KTU (pronounced K2) is a Finnish-American progressive/experimental musical supergroup. In 2004, Trey Gunn and Pat Mastelotto started collaborating with Kimmo Pohjonen and Samuli Kosminen, forming KTU out of their respective duos TU and Kluster.

History
Kimmo and Samuli formed Kluster in 2001. Both award-winning musicians are known as adventurers in their respective fields and their partnership takes accordion music to new and unexplored territory. On stage, Kosminen reproduces samples of Pohjonen's accordion and voice percussively by way of electronic drum pads. Samuli also drums with Icelandic band Múm, and other recent Kluster collaborations include the project Uniko, together with Kronos Quartet.
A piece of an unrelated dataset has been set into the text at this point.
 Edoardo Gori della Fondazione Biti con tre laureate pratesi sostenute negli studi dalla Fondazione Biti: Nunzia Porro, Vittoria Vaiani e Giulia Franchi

Percussionist Pat Mastelotto and touch guitarist Trey Gunn have enjoyed successful careers with the band King Crimson. The two met at Peter Gabriel's Real World Studios before touring with David Sylvian & Robert Fripp. As the duo TU, they have released one studio album.
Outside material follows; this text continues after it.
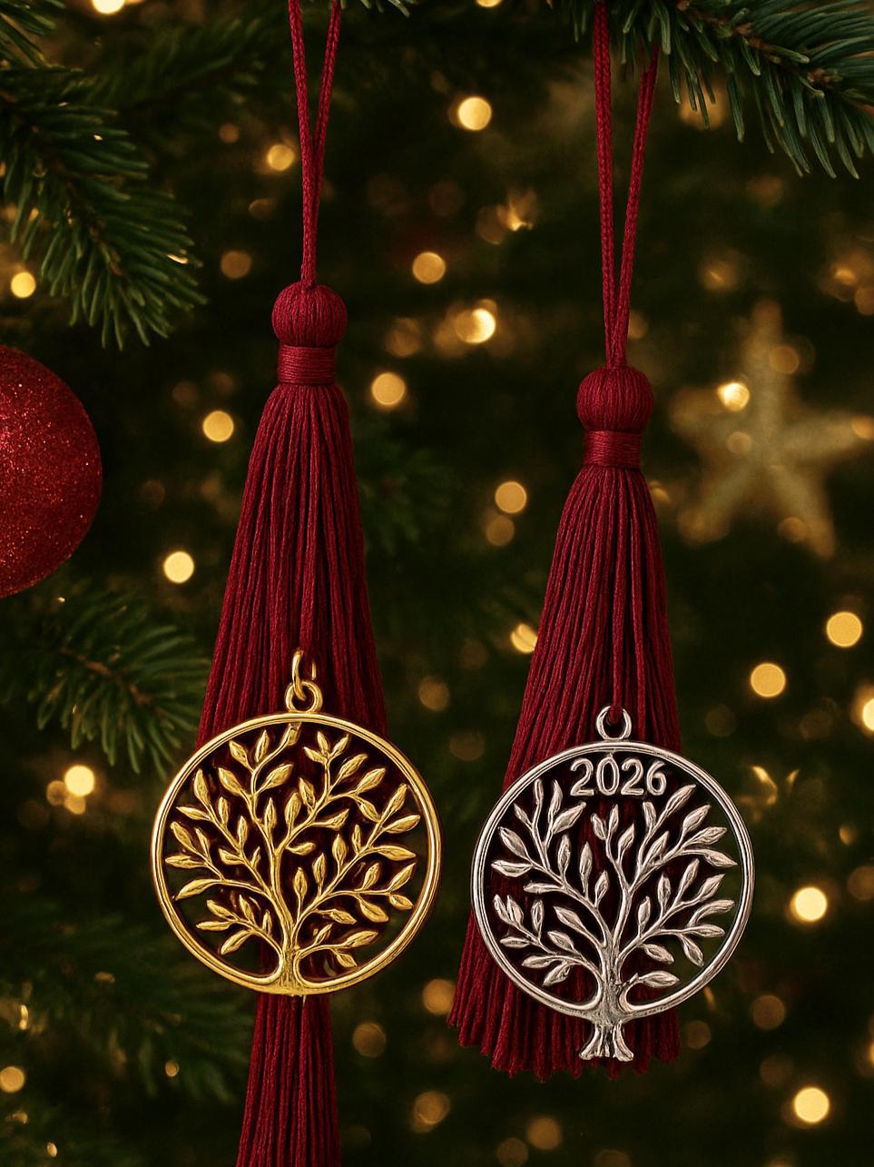 Γούρι με φούντα και μεταλλικό ρόδι σε 2 αποχρώσεις. Ιδανικό στολίδι τύχης για το σπίτι ή το γραφείο.

Seeds for KTU took root at SXSW in Austin, Texas in March 1999, when Pohjonen shared a billing with Mastelotto/Gunn/Robert Fripp's ProjeKcts Three at the Electric Lounge. Plans for the quartet took shape over the next five years.

KTU rehearsals and the World Premiere concert took place in Helsinki at the Nosturi club in April 2004, followed by four concerts in Tokyo; recordings from these shows comprise the debut record 8 Armed Monkey, released in 2005. Live concerts continued in 2005 with headlining festival appearances in Germany at the Moers Festival, Kulturzelt, Kulturarena, as well as FMM Sines in Portugal. In 2007, KTU debuted their live show in the US and Mexico as a trio (minus Kosminen, who continues to contribute to the band on occasion).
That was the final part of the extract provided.